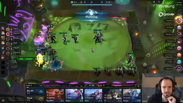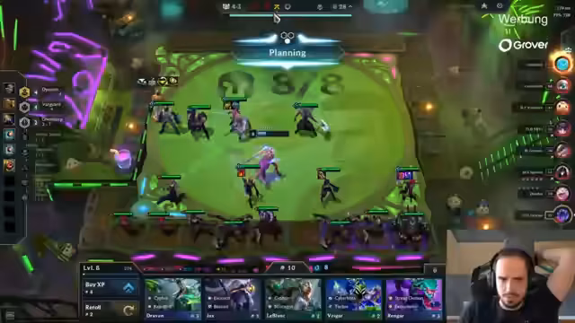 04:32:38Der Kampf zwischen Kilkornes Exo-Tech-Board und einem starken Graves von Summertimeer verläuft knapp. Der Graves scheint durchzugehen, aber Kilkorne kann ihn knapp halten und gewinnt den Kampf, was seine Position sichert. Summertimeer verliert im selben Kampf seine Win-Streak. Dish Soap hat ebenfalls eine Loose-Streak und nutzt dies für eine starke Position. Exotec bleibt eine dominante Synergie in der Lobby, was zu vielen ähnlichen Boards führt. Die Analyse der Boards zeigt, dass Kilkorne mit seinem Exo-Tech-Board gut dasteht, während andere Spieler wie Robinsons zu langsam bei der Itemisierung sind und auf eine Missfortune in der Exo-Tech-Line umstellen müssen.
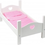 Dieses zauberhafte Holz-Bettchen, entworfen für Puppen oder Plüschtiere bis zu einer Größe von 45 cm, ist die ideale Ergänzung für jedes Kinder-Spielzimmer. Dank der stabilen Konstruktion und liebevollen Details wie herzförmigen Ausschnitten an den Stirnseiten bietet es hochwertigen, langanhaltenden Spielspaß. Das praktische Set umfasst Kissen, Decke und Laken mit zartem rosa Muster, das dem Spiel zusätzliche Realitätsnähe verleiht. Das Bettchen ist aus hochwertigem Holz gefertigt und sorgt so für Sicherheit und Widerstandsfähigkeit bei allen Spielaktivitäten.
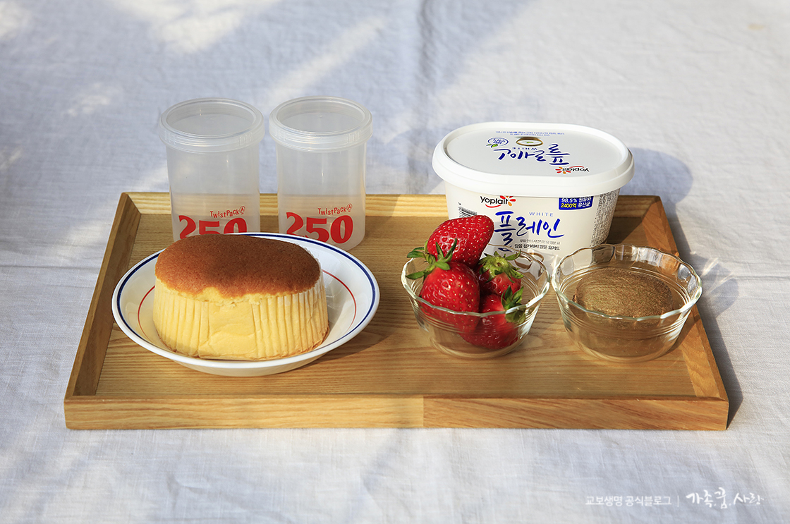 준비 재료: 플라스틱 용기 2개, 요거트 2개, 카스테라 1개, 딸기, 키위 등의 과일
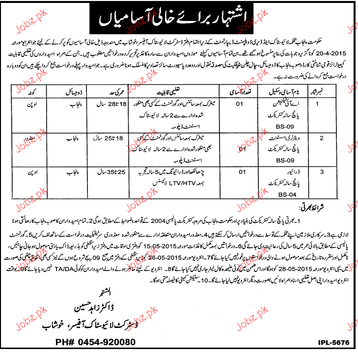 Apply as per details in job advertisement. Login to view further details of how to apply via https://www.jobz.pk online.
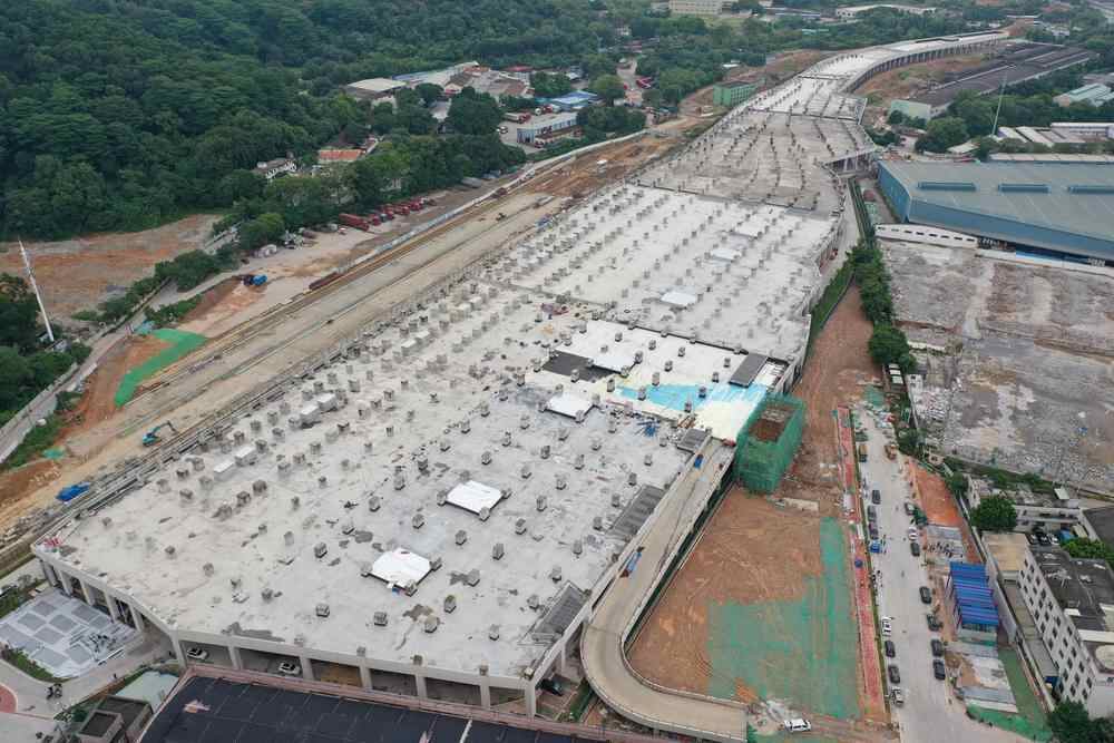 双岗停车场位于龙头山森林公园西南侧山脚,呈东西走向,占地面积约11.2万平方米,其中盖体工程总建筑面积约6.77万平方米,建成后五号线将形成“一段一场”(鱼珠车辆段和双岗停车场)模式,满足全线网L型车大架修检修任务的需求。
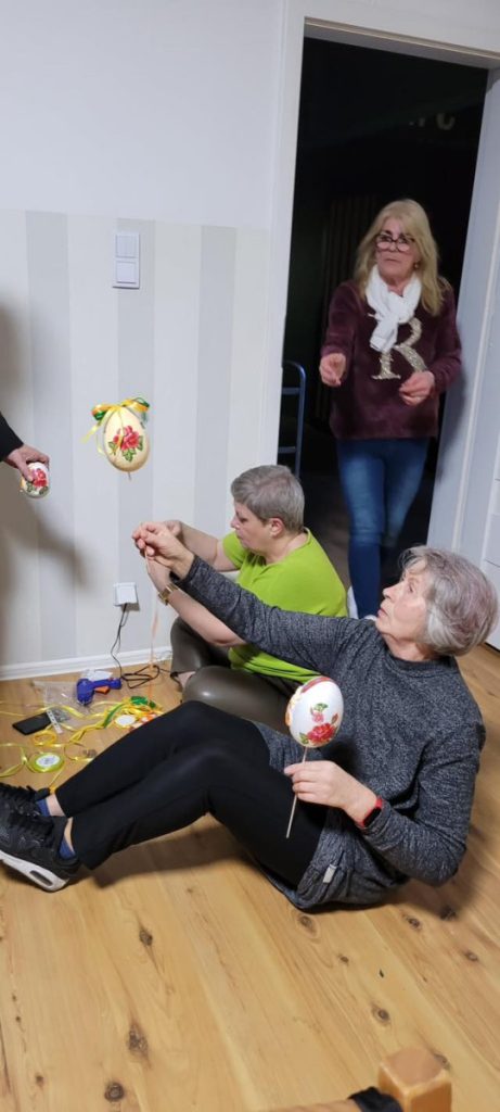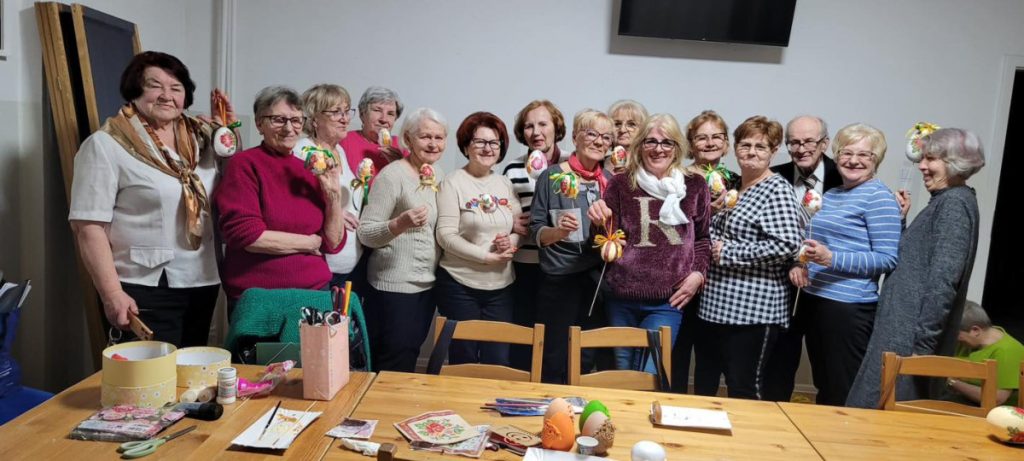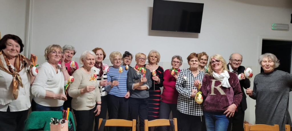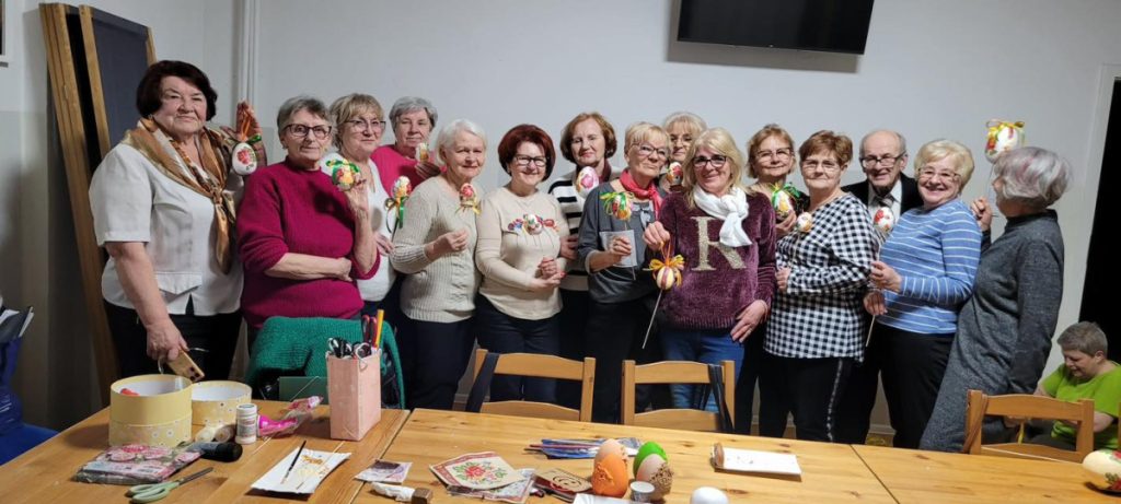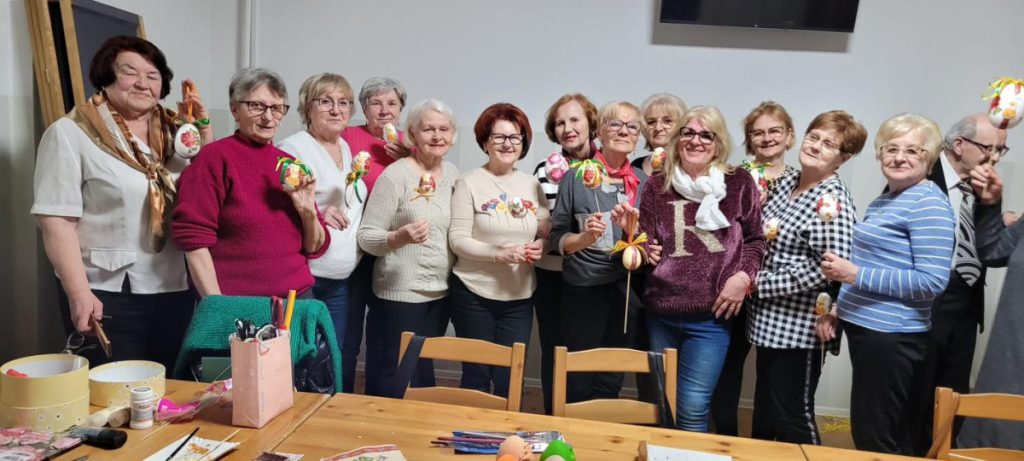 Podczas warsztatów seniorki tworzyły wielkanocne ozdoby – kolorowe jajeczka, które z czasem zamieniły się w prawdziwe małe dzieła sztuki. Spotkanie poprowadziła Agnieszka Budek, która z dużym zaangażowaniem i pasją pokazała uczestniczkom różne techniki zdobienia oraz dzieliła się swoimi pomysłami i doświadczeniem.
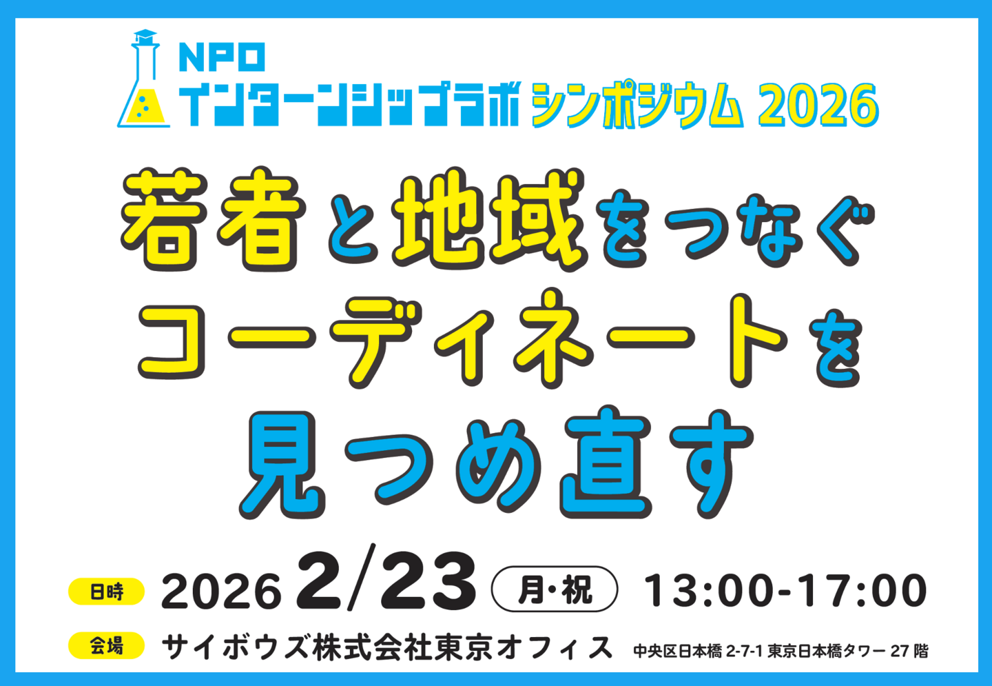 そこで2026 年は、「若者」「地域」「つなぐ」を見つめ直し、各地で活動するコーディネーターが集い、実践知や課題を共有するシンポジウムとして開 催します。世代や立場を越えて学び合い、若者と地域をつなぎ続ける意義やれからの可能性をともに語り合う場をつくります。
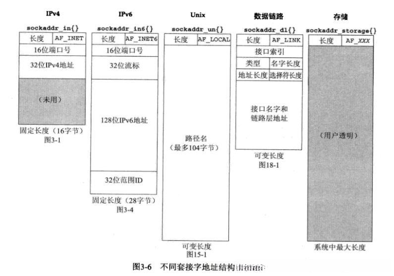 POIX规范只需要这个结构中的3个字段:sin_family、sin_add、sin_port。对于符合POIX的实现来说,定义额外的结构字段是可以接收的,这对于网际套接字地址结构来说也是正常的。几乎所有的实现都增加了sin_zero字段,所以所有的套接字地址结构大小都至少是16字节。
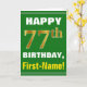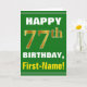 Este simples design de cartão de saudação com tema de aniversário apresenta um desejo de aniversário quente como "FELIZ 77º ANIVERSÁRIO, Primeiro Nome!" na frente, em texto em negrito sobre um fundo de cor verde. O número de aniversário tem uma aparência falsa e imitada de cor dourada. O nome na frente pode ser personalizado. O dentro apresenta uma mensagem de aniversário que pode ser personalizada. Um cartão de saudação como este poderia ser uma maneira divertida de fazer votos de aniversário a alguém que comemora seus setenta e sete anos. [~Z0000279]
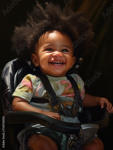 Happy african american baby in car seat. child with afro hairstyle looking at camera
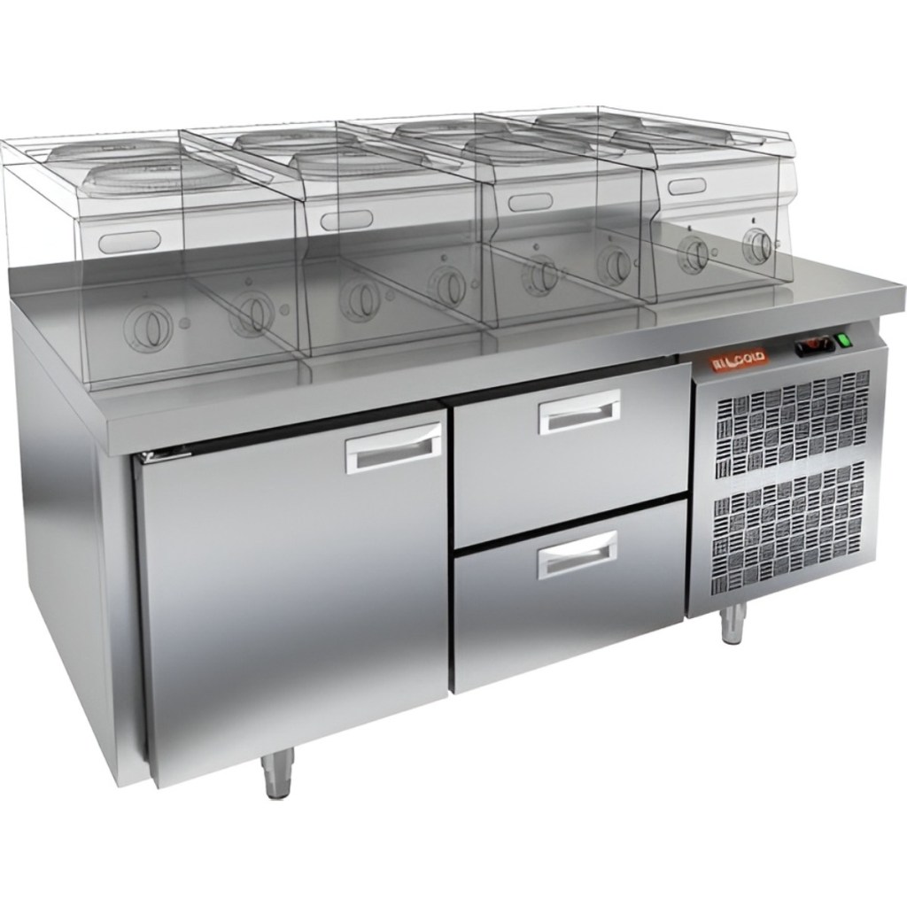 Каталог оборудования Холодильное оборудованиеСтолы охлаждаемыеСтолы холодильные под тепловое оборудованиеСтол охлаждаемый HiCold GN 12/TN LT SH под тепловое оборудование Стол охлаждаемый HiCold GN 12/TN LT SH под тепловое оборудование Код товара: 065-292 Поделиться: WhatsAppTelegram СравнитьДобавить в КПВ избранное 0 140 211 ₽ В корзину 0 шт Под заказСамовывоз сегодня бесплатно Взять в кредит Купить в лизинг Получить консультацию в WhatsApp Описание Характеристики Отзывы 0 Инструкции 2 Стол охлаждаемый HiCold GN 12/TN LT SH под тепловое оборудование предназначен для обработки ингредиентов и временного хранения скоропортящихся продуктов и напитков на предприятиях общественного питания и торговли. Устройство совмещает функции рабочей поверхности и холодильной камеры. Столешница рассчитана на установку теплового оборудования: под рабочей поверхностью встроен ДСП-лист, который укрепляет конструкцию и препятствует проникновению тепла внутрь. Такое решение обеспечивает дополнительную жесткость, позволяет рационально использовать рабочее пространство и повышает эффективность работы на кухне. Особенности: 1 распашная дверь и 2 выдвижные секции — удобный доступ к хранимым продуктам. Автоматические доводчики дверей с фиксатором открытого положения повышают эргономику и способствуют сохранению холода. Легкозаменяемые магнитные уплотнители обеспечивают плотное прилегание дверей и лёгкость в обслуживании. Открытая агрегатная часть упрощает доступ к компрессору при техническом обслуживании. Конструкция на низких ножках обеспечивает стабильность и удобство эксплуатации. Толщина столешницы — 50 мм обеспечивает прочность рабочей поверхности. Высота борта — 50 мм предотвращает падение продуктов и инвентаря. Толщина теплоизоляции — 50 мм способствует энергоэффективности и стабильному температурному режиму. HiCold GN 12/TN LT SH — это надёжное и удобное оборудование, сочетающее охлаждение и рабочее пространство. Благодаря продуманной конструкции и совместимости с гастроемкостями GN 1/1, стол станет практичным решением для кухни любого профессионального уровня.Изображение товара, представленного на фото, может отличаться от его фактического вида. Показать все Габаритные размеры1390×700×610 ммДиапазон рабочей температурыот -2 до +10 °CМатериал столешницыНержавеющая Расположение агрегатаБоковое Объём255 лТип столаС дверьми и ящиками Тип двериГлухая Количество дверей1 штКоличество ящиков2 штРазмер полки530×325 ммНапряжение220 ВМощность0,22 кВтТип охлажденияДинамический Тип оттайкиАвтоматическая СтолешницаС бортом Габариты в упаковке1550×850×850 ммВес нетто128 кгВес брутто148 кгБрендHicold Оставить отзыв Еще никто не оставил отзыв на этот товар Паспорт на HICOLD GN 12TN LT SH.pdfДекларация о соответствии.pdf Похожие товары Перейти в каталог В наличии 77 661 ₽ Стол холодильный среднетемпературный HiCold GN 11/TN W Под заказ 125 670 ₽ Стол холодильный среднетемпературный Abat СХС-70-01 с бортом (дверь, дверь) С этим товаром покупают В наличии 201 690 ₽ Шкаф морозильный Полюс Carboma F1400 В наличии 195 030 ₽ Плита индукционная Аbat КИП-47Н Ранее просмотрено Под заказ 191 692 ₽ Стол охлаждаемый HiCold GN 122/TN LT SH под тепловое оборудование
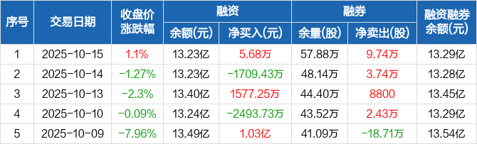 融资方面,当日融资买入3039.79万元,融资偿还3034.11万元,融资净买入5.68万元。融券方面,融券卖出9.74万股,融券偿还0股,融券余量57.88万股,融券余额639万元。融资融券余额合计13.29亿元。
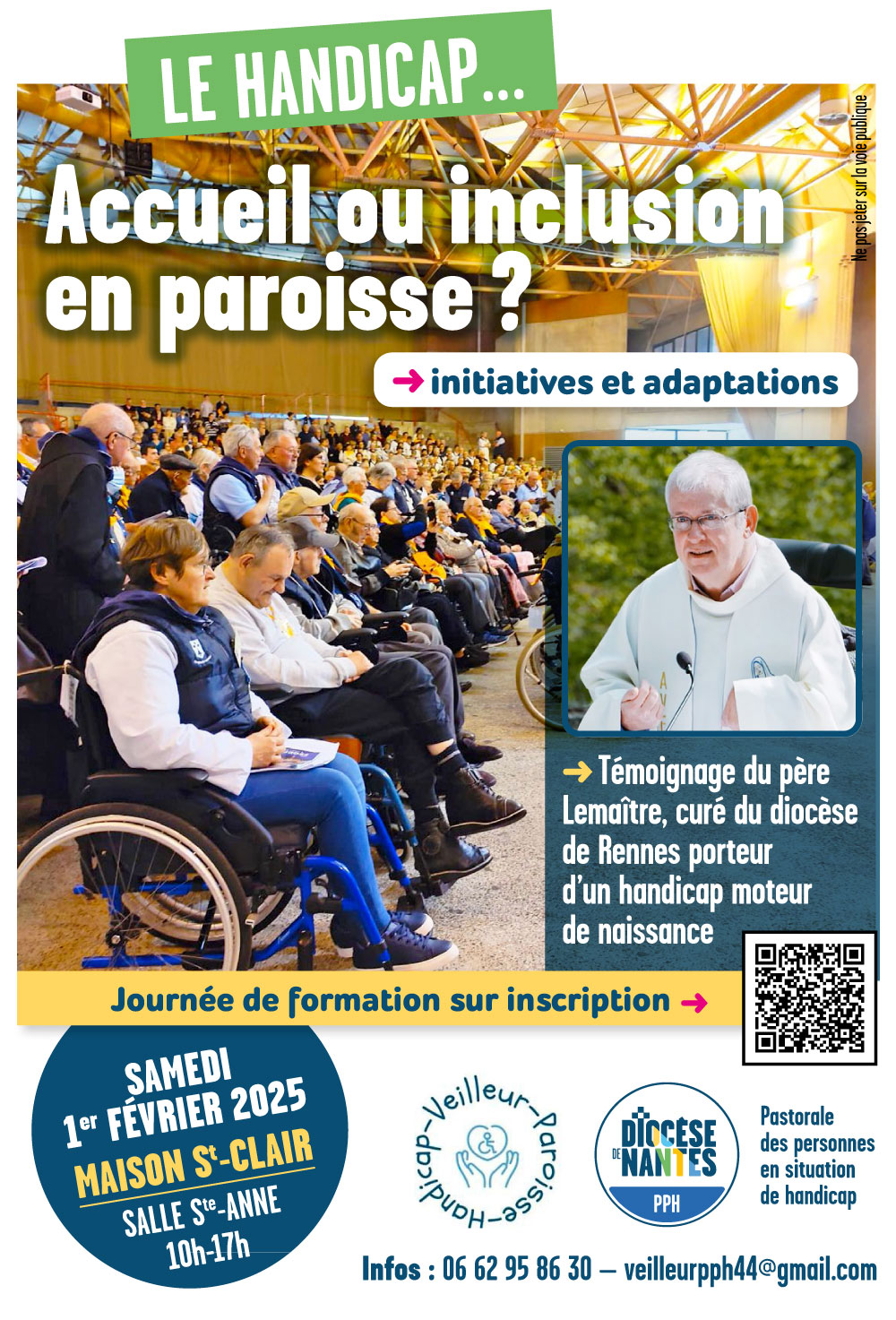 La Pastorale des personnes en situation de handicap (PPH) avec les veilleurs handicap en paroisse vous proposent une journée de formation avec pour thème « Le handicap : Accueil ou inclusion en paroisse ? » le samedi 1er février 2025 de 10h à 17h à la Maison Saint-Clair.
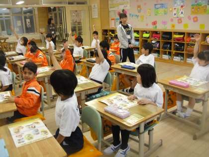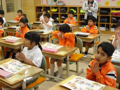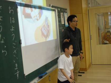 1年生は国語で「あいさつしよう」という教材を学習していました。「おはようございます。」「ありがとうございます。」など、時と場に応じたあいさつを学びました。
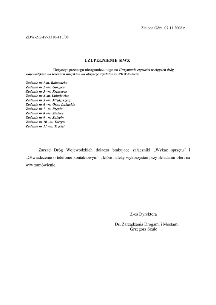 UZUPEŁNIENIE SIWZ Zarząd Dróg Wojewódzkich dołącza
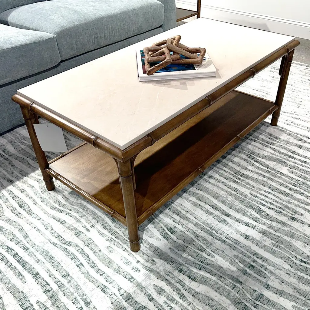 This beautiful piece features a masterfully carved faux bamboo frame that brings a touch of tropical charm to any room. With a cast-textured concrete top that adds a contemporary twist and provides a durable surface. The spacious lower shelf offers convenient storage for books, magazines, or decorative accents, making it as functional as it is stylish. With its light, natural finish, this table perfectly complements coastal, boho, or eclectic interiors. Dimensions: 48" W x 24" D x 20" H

..........

→ **What you will do**:
In the records above, find the line with "La Pastorale des". Print exactly from there through the line with "UZUPEŁNIENIE SIWZ Zarząd", minus the pictures.

→ **Output of the exercise**:
 La Pastorale des personnes en situation de handicap (PPH) avec les veilleurs handicap en paroisse vous proposent une journée de formation avec pour thème « Le handicap : Accueil ou inclusion en paroisse ? » le samedi 1er février 2025 de 10h à 17h à la Maison Saint-Clair.
 1年生は国語で「あいさつしよう」という教材を学習していました。「おはようございます。」「ありがとうございます。」など、時と場に応じたあいさつを学びました。
 UZUPEŁNIENIE SIWZ Zarząd Dróg Wojewódzkich dołącza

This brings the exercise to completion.